The advantage for Koch this season is that, in plain sight, he looks injury free. The knee injury that required surgery in 2020 was suffered on the first day of that term. The same happened on the opening weekend of last season, with a hip problem stopping him from playing again until mid-December.

He had Leeds’ medical team to manage his recoveries and he also works with a personal fitness coach, Jannik Kirchenkamp, who is now on the staff of German second-tier side Magdeburg. Koch and Kirchenkamp got to know each other while the former was playing for Eintracht Trier as a teenager and the latter lived in the same city. They have a gym together in Krefeld and earlier this year, they launched an online fitness app.

Koch returned to Germany during the recent international break, but not to play.

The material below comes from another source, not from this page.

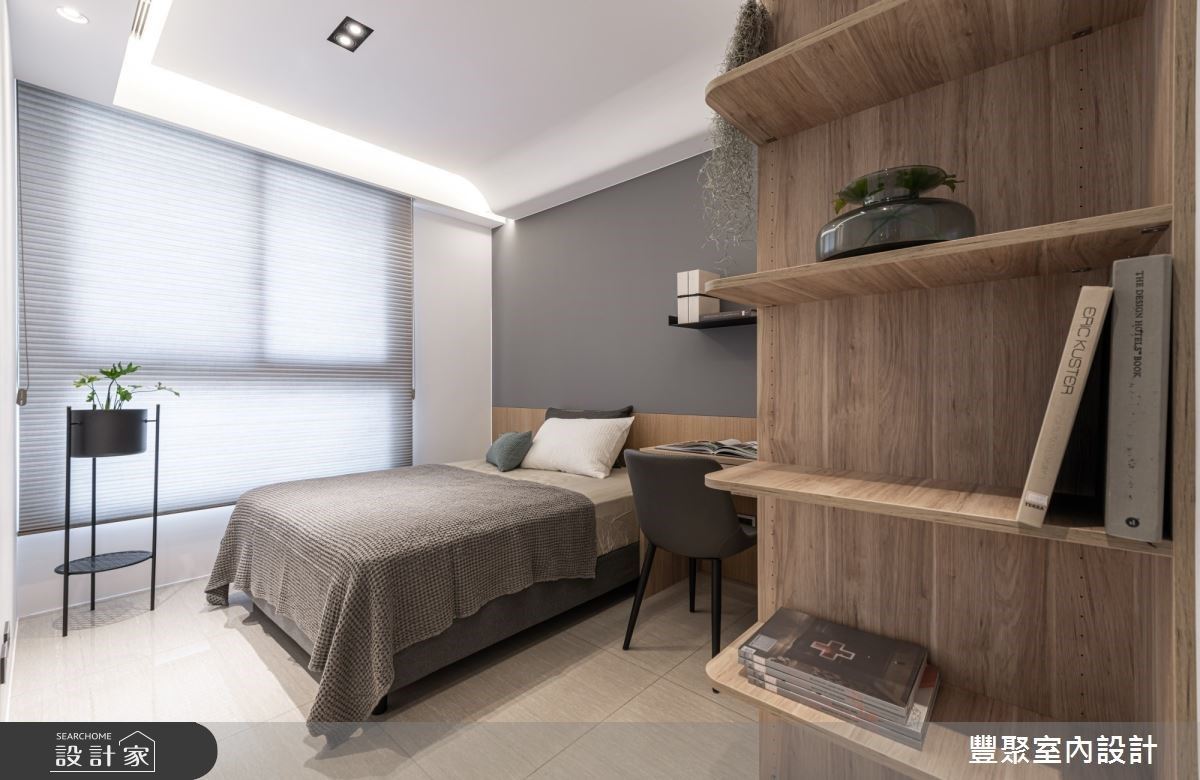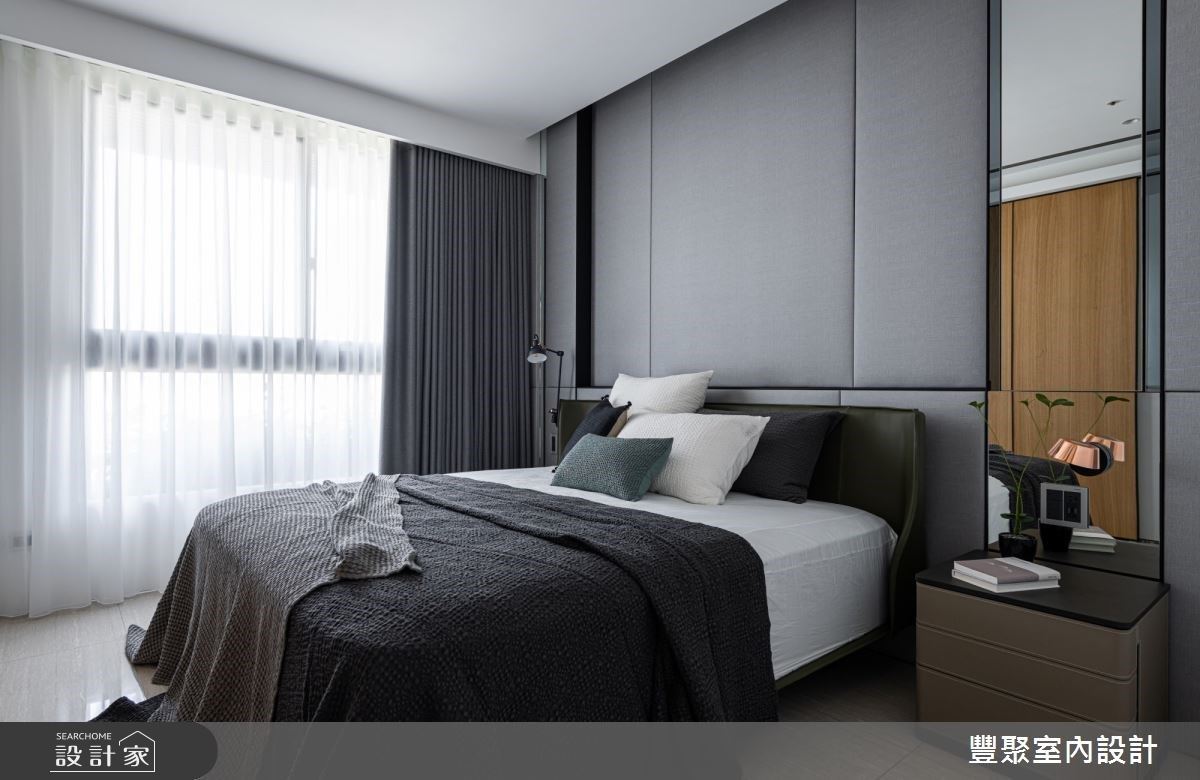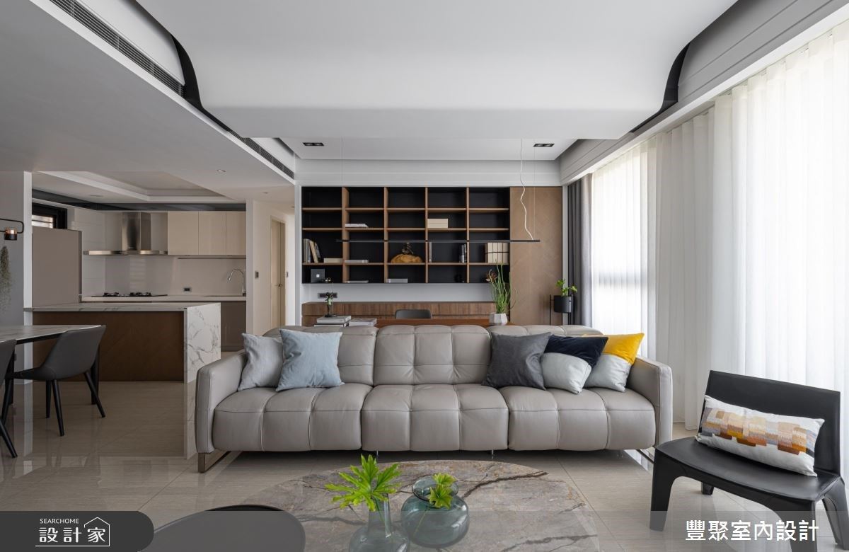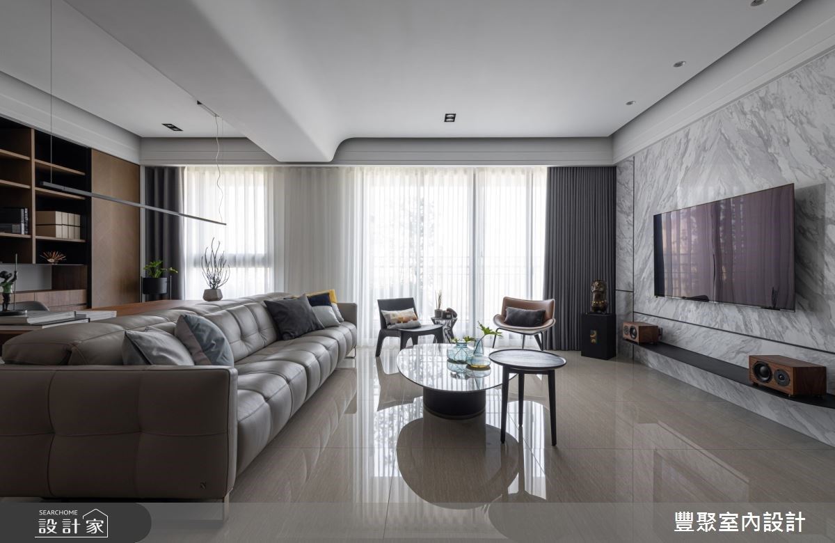 入口處的牆體飾以義大利特殊漆人工塗層,其間結合格柵造型的鐵件門,創造出儲藏室外觀,展現低調且時尚感的視覺造型。充沛的自然光映照在石材肌理的電視牆與地坪,讓公領域更顯輕盈透亮,淡雅紋理的電視牆風貌,更替整體空間增添時尚感;沙發上方的天花板捨棄包覆或平釘方式,以黑、白兩色描繪,以及圓弧線條美化大樑,同時也象徵屋主經過人生歷練後,做人處世更為圓滑之意;客廳臨窗單椅的擺設,滿足屋主聽音樂、品茗以及閱讀的喜好;沙發後方以開放式書房規劃,透過深色木紋為基底,塑造出安定與溫潤質感的沉靜空間。

Flick gave Bella-Kotchap a go, using him as a late substitute in Germany’s 3-3 draw with England at Wembley. Matthias Ginter, Niklas Sule and Nico Schlotterbeck filled the other central defender slots and though Koch and Flick had spoken earlier in the summer — the former Bayern Munich manager is understood to have expressed confidence in him at that stage — there was no one-to-one explanation for his exclusion last month. Marsch said last week that he had not spoken with Flick about it, and Koch is left to wait and see, hoping the needle turns his way.

Marsch needs a big year from Koch because, in eight games this season, there has been no more dependable defender at Leeds. What happens between now and the World Cup will have domestic and international implications for Koch, shaping the security of his club’s place in the Premier League and keeping Flick looking his way. “I was counting down the days,” Koch said after waiting for his call-up to last year’s European Championship. A year or so on, he is doing the same.